In some of the most recent research examining violence risk assessment (Hanson, 2005), we find that the question has shifted from whether violence can be predicted, to what is the best method of risk assessment. The validation research typically found that a series of measures reviewed in the article showed moderate accuracy in predicting violent recidivism. The question then is: Might the prediction have been improved if clinical judgments were included as well?
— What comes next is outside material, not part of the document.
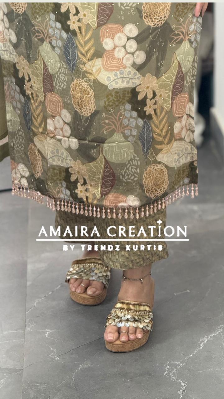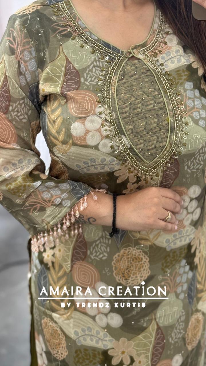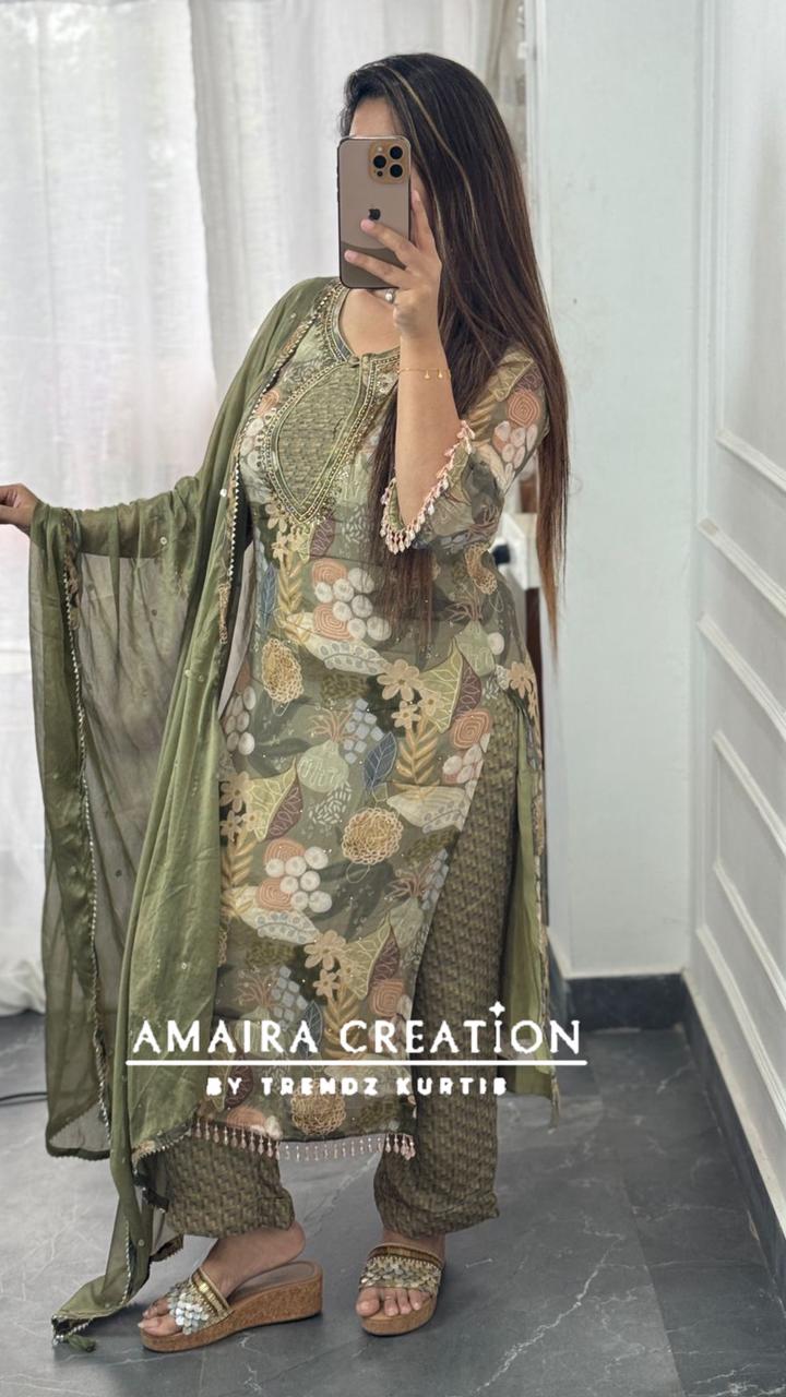Premium Chinnon Olive Green Pant Set With Beautiful Neck Detailing

This question is partly answered by Douglas, Yeoman, and Boer (2005), who studied violence risk in a sample of criminal offenders. Douglas and colleagues looked at the predictive validity of multiple indices of violence risk. Although they conclude that “several indices were related to violent recidivism with large statistical effect sizes,….” they also found the findings to be “inconsistent with a position of strict actuarial superiority, as HCR-20 2 structured risk judgments—an index of structured professional or clinical judgments—were as strongly related to violence” (479).
Conclusion
With very few established exceptions, statistical prediction clearly outperforms clinical judgment. Accordingly, we certainly would not advocate use of clinical judgment over statistical prediction. For as Dawes reports,
The superiority of statistical prediction is crystal clear when clinical judgment is pitted against actuarial analysis in a situation where both are based on the same information—so that the problem is basically one of how to combine it. It also has been found that clinical judgment in psychology is inferior in situations where the important variables captured by the statistical model constitute a proper subset of the variables considered by the clinician. It is also true that the statistical models need not even be optimal. Nevertheless, clinical psychologists make a great deal of money by relying on their intuitions for combining information and for making predictions, and in courts they eschew statistical models, instead proudly proclaiming that “in my experience…” What happens here is that the “inside view” is preferred to the outside one, despite massive evidence that that outside one is superior (Dawes, 1999, pp. 37-38).
However, there are times when a combination of the two may better serve clientele. As Dawes et al. (1989) report, “Clinicians might be able to gain an advantage by recognizing rare events that are not included in the actuarial formula (due to their infrequency) and that countervail the actuarial conclusion (p. 1670).
And while such incidents might be infrequent, it is also true that the probation officers and correctional counseling specialists must have a role in decision-making that goes beyond the mere administering of the risk-assessment devices. There is a place for human judgment and experience in the decision-making process, and we must value their continued consideration.
However, as noted by Sir Frances Bacon, “We do ill to exalt the powers of the human mind, when we should seek out its proper helps” (as quoted in Hogarth (1980)). In light of the well-known tendency for justice system decision-makers to concentrate on information that is demonstrably not predictive of offender behavioral outcomes (Gottfredson and Gottfredson, 1986), and the potential consequences of this for affecting the validity of prognostication (Gottfredson and Moriarty, 2006), caution is the order of the day.